If the current rate is equal to it's predecessor we mark the row with a 0 otherwise witha 1. The result of this CTE would look like so for the first rate group:
RateGroup | Rate | DueDate | IsBegin |
---|---|---|---|
1 | 1.20 | 2021-01-01 | 1 |
1 | 1.20 | 2021-02-15 | 0 |
1 | 1.50 | 2021-02-16 | 1 |
1 | 1.20 | 2021-05-01 | 1 |
0 and 1 are no arbitrary values; they are needed for the next step.
RatesFromTo AS
(
SELECT RateGroup, Rate, DueDate AS StartDate,
LEAD (DATEADD(day, -1, DueDate)) OVER
(
PARTITION BY RateGroup
ORDER BY DueDate
) AS EndDate,
SUM (IsBegin) OVER
(
PARTITION BY RateGroup
ORDER BY DueDate
ROWS UNBOUNDED PRECEDING
) AS RangeID
FROM RatesWithBegin
)
In this CTE we build a running total over the IsBegin
column with
SUM()
. Due to the value being 1 at the start
of a new range and 0 within a range our running total increments always at the begin of a new
range.
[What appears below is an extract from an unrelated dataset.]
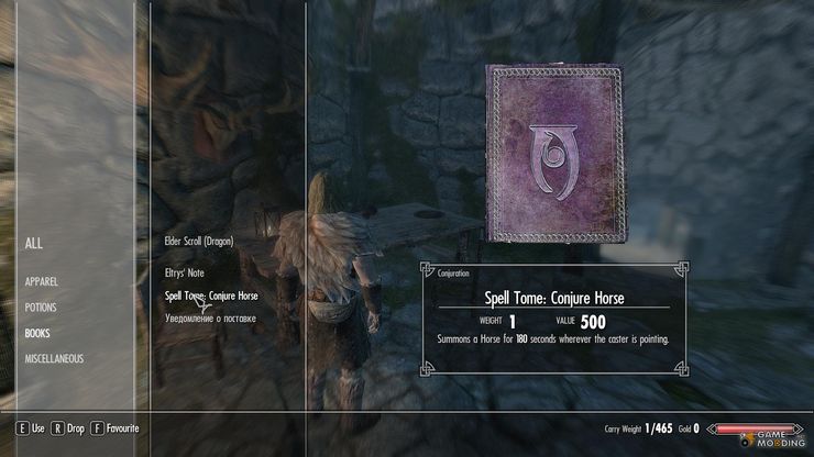 Мод добавляет заклинание призыва призрачной лошади. Вы найдете том с заклинанием в заброщенной тюрьме на юго-западе от Виндхельма (подробнее см. скриншоты).

This leads to an uniqe number for each range.
With LEAD()
we add
the day before the next due date in our range to the output. The result of this step for the first rate group is then:
RateGroup | Rate | StartDate | EndDate | RangeID |
---|---|---|---|---|
1 | 1.20 | 2021-01-01 | 2021-02-14 | 1 |
1 | 1.20 | 2021-02-15 | 2021-02-15 | 1 |
1 | 1.50 | 2021-02-16 | 2021-04-30 | 2 |
1 | 1.20 | 2021-05-01 | NULL | 3 |
SELECT RateGroup, MAX(Rate) AS Rate, MIN(StartDate) AS StartDate,
NULLIF(MAX(COALESCE(EndDate, '99990101')), '99990101') AS EndDate
FROM RatesFromTo
GROUP BY RateGroup, RangeID
ORDER BY RateGroup, StartDate;
Now that we have an unique identifier (RangeID
) for the date ranges we can do a simple
aggregation with GROUP BY
to get our desired result. Since the ranges can be open ended
(no next due date) we use
NULLIF(MAX(COALESCE(EndDate, '99990101')), '99990101')
to make sure that NULL
is always treated as the latest possible date.